Ready-made text analysis APIs, as a rule, do not know how to “discover” new concepts in a given subject area and use them to improve the quality of analysis. In general, prior to the experience with reviewdot, we thought that such self-improving systems did not work well enough to be practically useful, but here we were convinced of quite the opposite.

And these are potentially hundreds of specialized tasks that are theoretically possible to do, but in practice are not yet covered. Of course, we cannot solve each applied task on our own, and after some reflection, the idea of ​​a business scheme was born:

The client (often a software developer) has a task or an idea of ​​a new application → he contacts us, we free of charge make support of the function he needs and provide it through a web-API or offline → if the application is successful, the developer receives income and pays access to it to web API.
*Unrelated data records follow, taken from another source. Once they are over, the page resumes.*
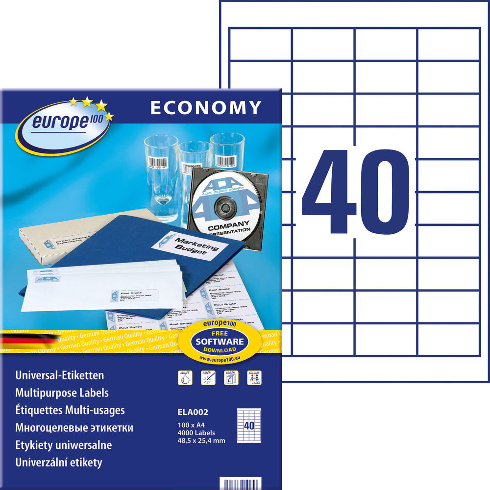 • Kandiliste nurkadega kleebisetikett • 100 lehte pakis • Lehel 40 etiketti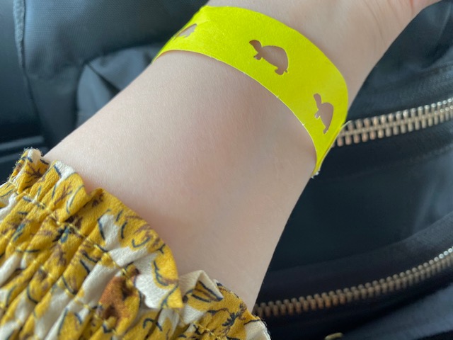 受付で、コロナ対策のチェック後にもらうリストバンド。カメが可愛すぎます〜!
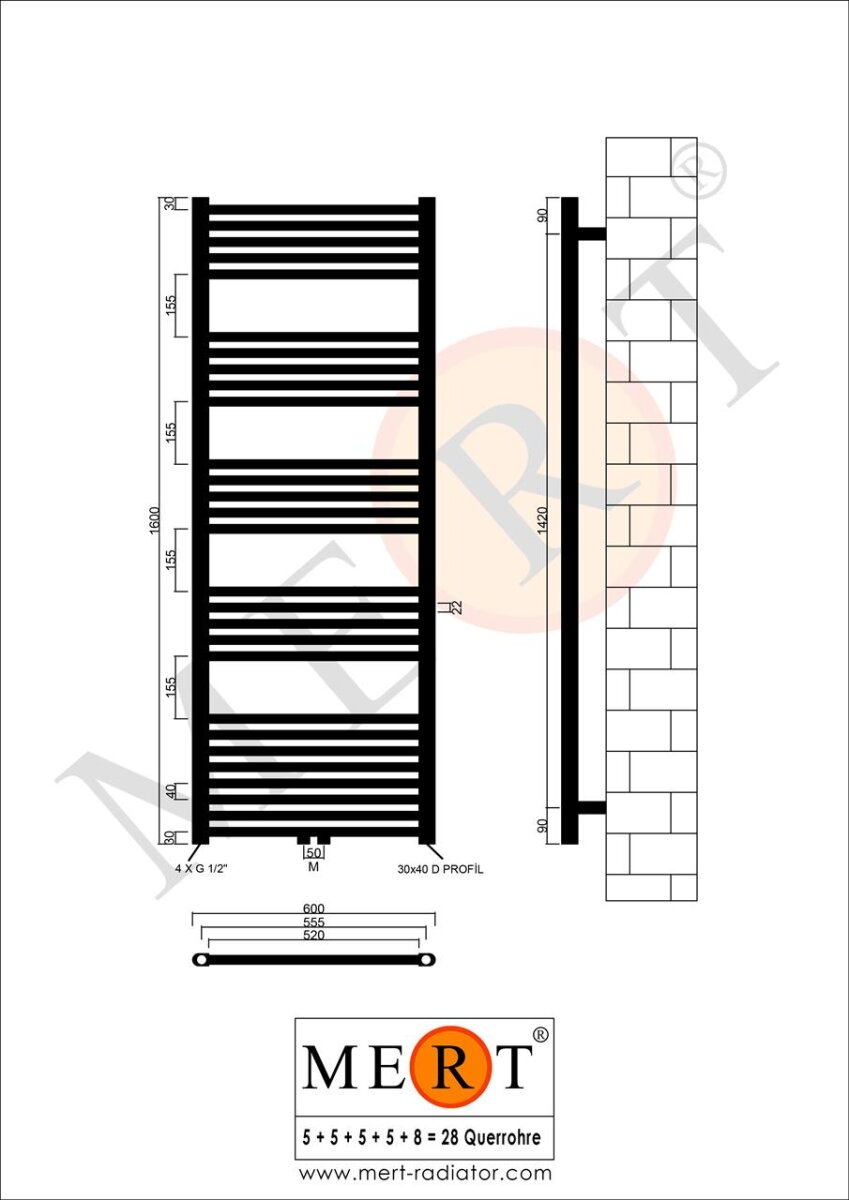 MERT Badheizkörper weiß gebogen, 600*1600 mm, Mittelanschluss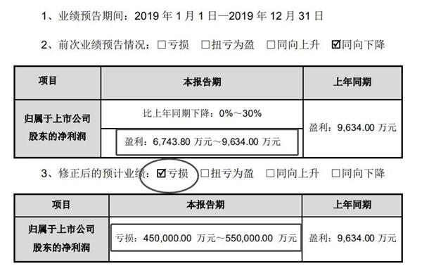 突然修正业绩变巨亏:

It is clear that there are also many difficulties. For example, in order for the system to scale to new tasks, you need to make sure that you do not need to write a separate solution for each user. It is much better to have a kernel that can potentially do everything - one intellectual architecture for all tasks, which is simply trained on a certain number of test cases. We already had some prototype as a result of the work on reviewdot - the fact is that we were too lazy to use standard language processing methods - all sorts of determinants of speech parts, morphological analyzers, parsers building trees, and similar tools with (semi-manual) selection of signs for the classification required a lot of monotonous work, and this turned out to be our weak point (see above). Therefore, after studying the literature, we found text analysis algorithms using neural networks that worked a little worse, but, having written one core, we could use it almost everywhere, and when it didn’t fit somewhere, we looked for a way to expand / change it so that -So use. Such an approach sometimes gave rise to terrible decisions, but nonetheless worked.

In the fall of 2014, we discovered on the network open testing of the analysis of tonality analysis systems in Russian at the Dialog conference and decided to take part in it to test how our “handicraft” approach to language analysis is compared to professional solutions. This led to several cycles of improvements, and sleepless nights (which is the topic of a separate article), but in the end we not only managed to confirm universality, but also take several first and second places along different paths, which made our system one of the best and most accurate. results.

Thus, the idea has finally matured, and we started working while in test mode, looking for people with interesting tasks or application projects, and inviting them to make an analyzer. So far, there are only two such projects in development, but there is hope that others will appear.